In the face of the transformation that is taking place in the new economy, many managers have had a way of fighting hard to hold onto the information in which their power rested, in many cases restraining the businesses productivity rather than liberating it.

As we make this transition to the new digital economy, the efforts eventually will be felt economy wide.

Rapidity in motion

It wasn't until the early 1990s that microprocessors were fast and cheap enough to work well in a wide range of applications. The Internet didn't become a mass-medium until 1994. Emerging technologies such as smart cards, voice-based computing, video telephony "expert systems" software and the next generation Internet are all in various stages of arrival.

When these and others are widely used, and when the majority of the economy and society are linked through high speed networks, it will be impossible then to speak of a "nearly" complete digitisation of the economy.

If we think about everything that has happened over the past 20 years or so, to create where we are today, we see that technology itself has really only had a trivial impact, but coupled with the cultural change that accompanied it, the impact has been truly transformational.

Just take any executive (please): in the past typing was beneath them and PC's were useless on executives desks because executives looked at them and freaked out. Today an executive not using a PC or a laptop is generally too inept or lazy to learn the basic tools of the trade. And now these attitudes are very much reflected in real behaviour, including who gets hired and promoted, how business gets conducted and what we all expect of each other.


Business people today also use IT return on investment (ROI) to resolve particular situations, not just to justify the overall impact of IT.

The effective use of technology today is both a competitive requirement and one of the few sources of sustainable advantage. But trying to measure IT's overall ROI is like trying to measure the value of telephones or electricity. Why bother?

Many business today are already playing "catch up" with e-business and as a result, they often jump into it without carefully considering the ROI or strategic implications of the move forward.

Of the e-business projects represented around the table I'd say two-thirds are done simply out of a sense of business urgency. CEOs are saying, as they did with ERP systems: "I don't know what it is, but I know we have to do it". Many suffered ERP regrets later.

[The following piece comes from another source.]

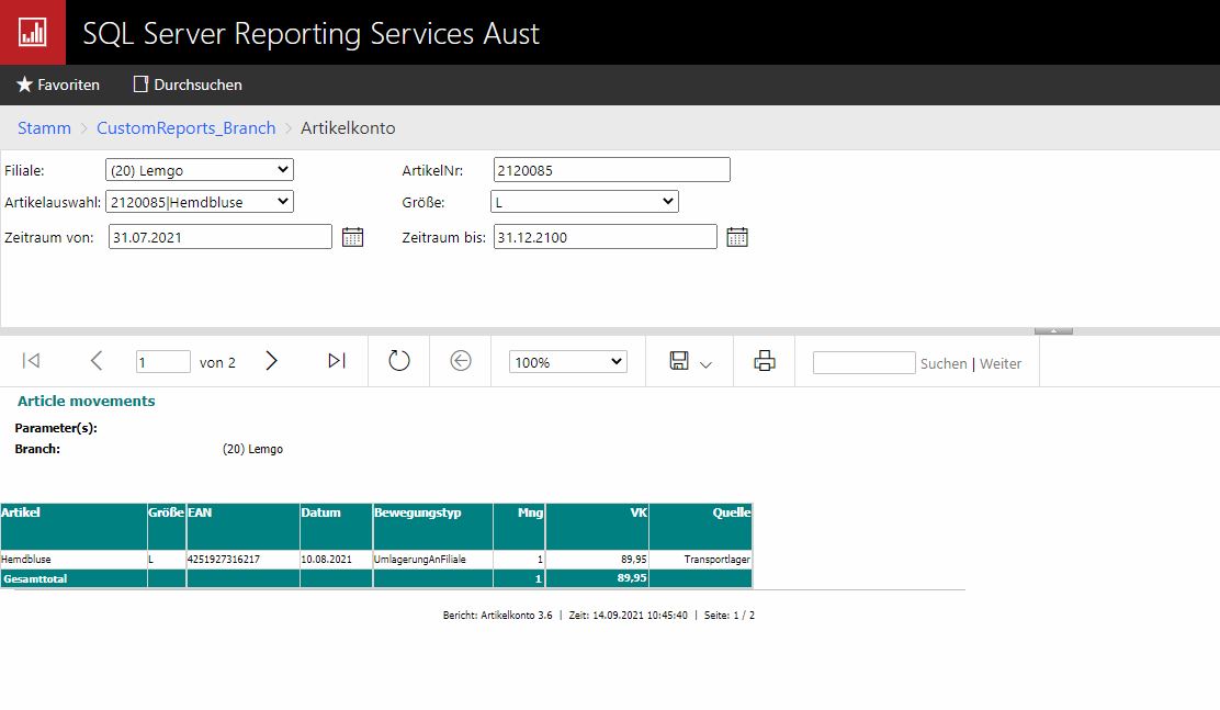 Hier kannst du die “Bewegungen” eines Artikels einer gewählten Größe nachschauen. Warenein- & ausgänge, Umlagerungen, Verkäufe und das jeweilige Datum werden angezeigt.

CIOs around the table and many of their peers are now between the proverbial rock and a hard place. The rock: the CEO, whose job entails taking risks and not getting too hung up on numbers. The hard place: how to attach numbers to the benefit of what an IT investment eventually might yield. A false step in either direction can leave the CIO with a bad case of heartburn.

So let's not kid ourselves: In IT, with the exception of major and well defined projects, ROI is probably not a tangible or practical issue -- the alternative? To just keep on doing as we have done, relying on our expert judgement. That is assuming the alligators can be subdued long enough to let us think.